Its a pretty good beta though. Redrawing needs some work and the scrolling bug sucks but its an awesome layout. Way better than stock browser.

Sent from my Galaxy Nexus using RootzWiki


----------



## CaucasianAsian (Dec 21, 2011)

kronusx12 said:


> Yeah I am too, I think I saw somewhere that it is a known bug
> 
> Sent from my Galaxy Nexus using Tapatalk


Thanks for the reply. I'll just keep using DolphinHD till it gets updated.

Sent from my Galaxy Nexus using Tapatalk


----------



## Despyse (Jan 12, 2012)

also like how you can slide in from the left or right to change the current tab you're on

Sent from my Galaxy Nexus using Tapatalk


----------



## mech_egr (Oct 18, 2011)

jpricesd said:


> I have not played with it very long, but I like it so far. Guess we need to face that fact that Flash is dead as far as support goes and the future of the interwebs is HTML 5. I can live with that. For the very few times I need flash I will just use another browser.


Doesn't hurt to keep dolphin in your back pocket i guess.
Still this seems like it will quickly become my main browser with or without flash


----------



## blaine07 (Jul 18, 2011)

Anyone else find this ironic? GOOGLE application with Bing as a search engine option? Lol...
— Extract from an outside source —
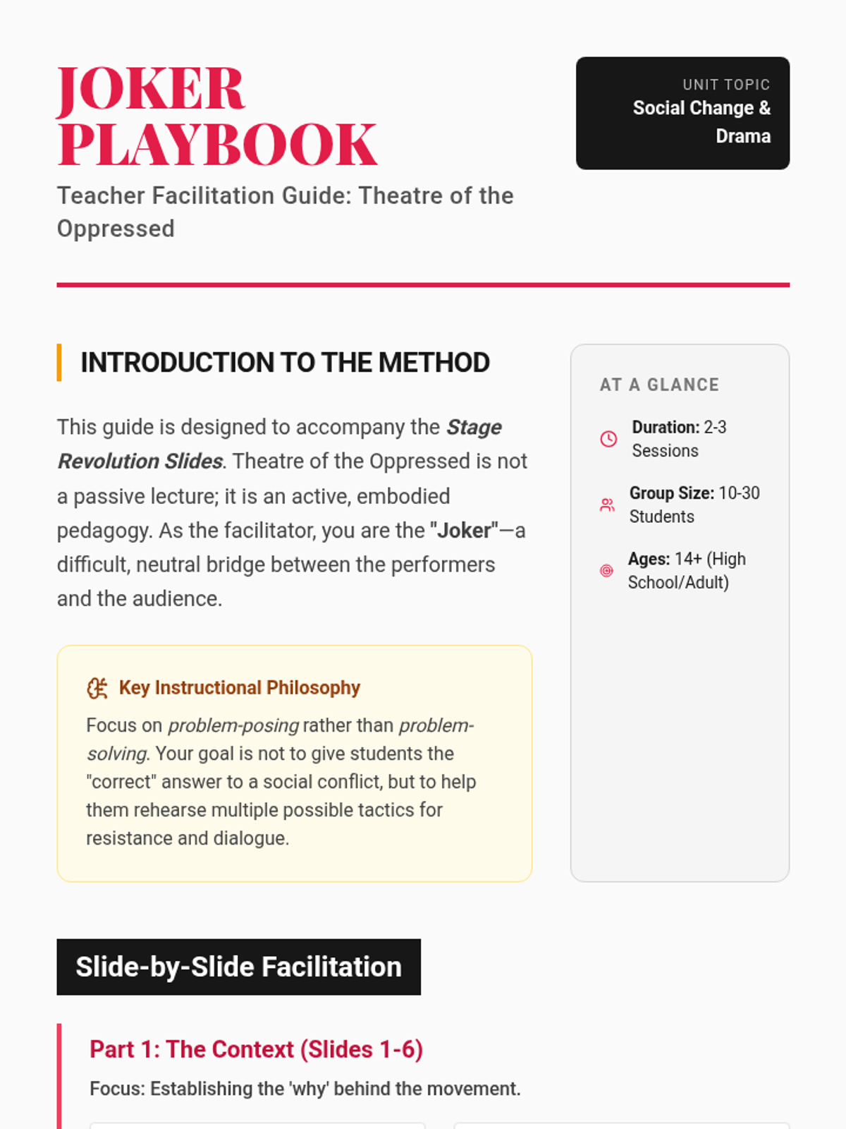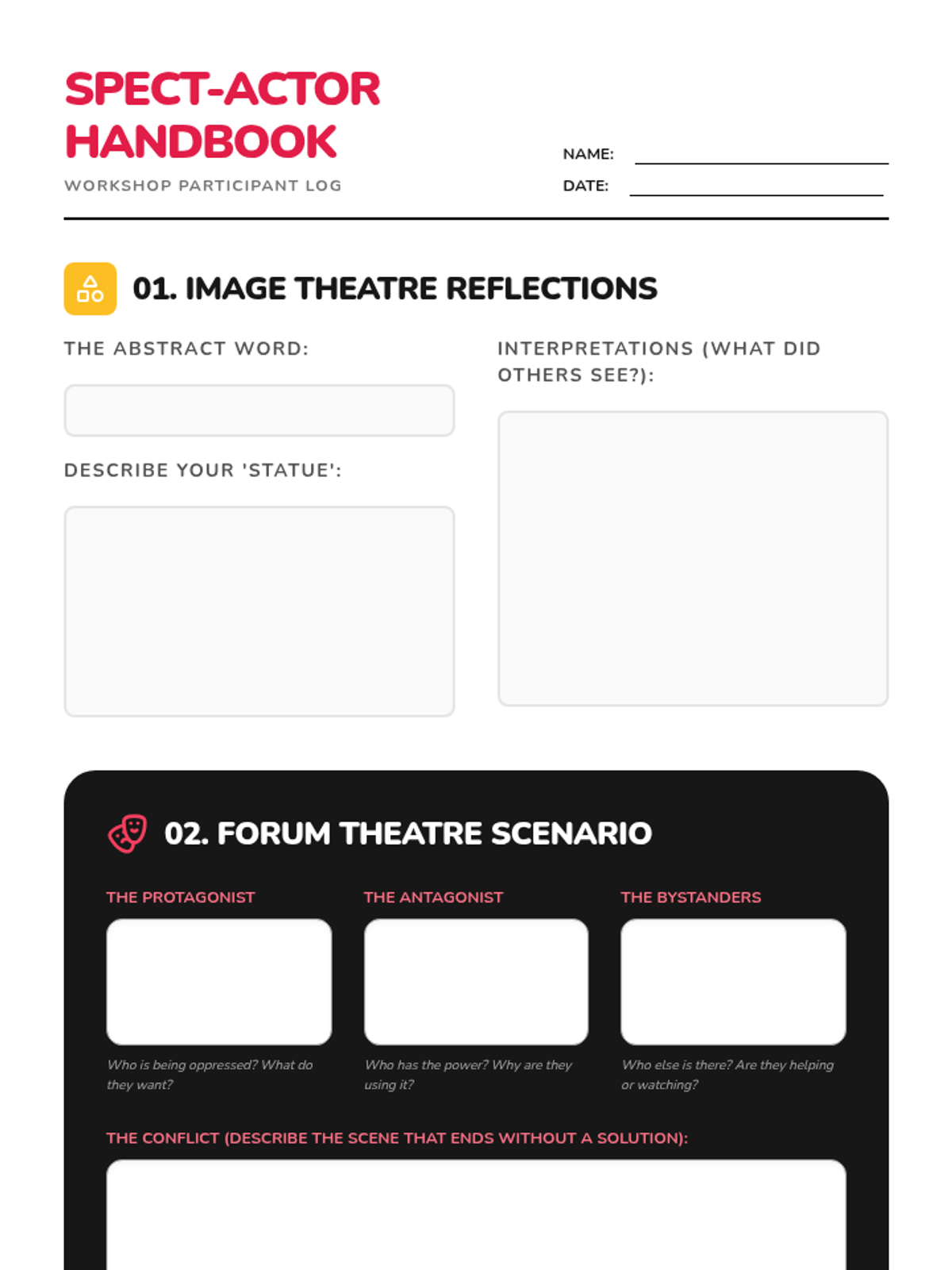 Deep dive into Image Theatre techniques, using the body as a language to explore internal and external oppressions.

Sent from my Galaxy Nexus using Tapatalk


----------



## idkwhothatis123 (Aug 4, 2011)

jaydorsey1978 said:


> I've been trying it out for the last twenty minutes or so. It's a step in the right direction... there's some work left to do (getting flash support, speeding up page rendering/redraws are two things I see as needing some improvement) but it's a very nice start. I'm impressed with the speed but the redraws can be a little slow compared to the stock browser.
> 
> But for a beta version... I think it's pretty darn nice... I love that it syncs desktop tabs to the Nexus. Good job, big G.


+1

Hell of a beta release. Lean it up a bit, increase the animation speeds, and add flash support. Then this is a done project. Relatively, G has released versions of android less complete than this lol.

Sent from my Galaxy Nexus using Tapatalk


----------



## cvbcbcmv (Sep 14, 2011)

I'm really liking it. Very nice on the eye and a lot of features, chrome to phone built in!


----------



## msrfx (Sep 28, 2011)

This rocks. I could give a ratz a$$ about Flash, DIE FLASH DIE! I dig the interface. I agree with some of the scrolling and overall slight rendering issues. But then again this is beta...and for a beta its pretty solid!


----------



## MisterEff (Jan 2, 2012)

Anyone remember when Google was w search engine?

Sent from my Galaxy Nexus using Tapatalk


----------



## imail724 (Jan 3, 2012)

Anyone think eventually Chrome will become the default browser?


----------



## dr01dx (Dec 21, 2011)

It nice

sent from my super gnex


----------



## maniaryan (Dec 31, 2011)

light years faster than stock or even ICS browser+, quick controls is a must have though


----------



## pauliewa (Jan 5, 2012)

imail724 said:


> Anyone think eventually Chrome will become the default browser?


Ya I'm thinking they will eventually.

Sent from my Galaxy Nexus using Tapatalk


----------



## jpricesd (Aug 1, 2011)

imail724 said:


> Anyone think eventually Chrome will become the default browser?


Yeah, think I read Google intends for it to become the default browser in Android at some point


----------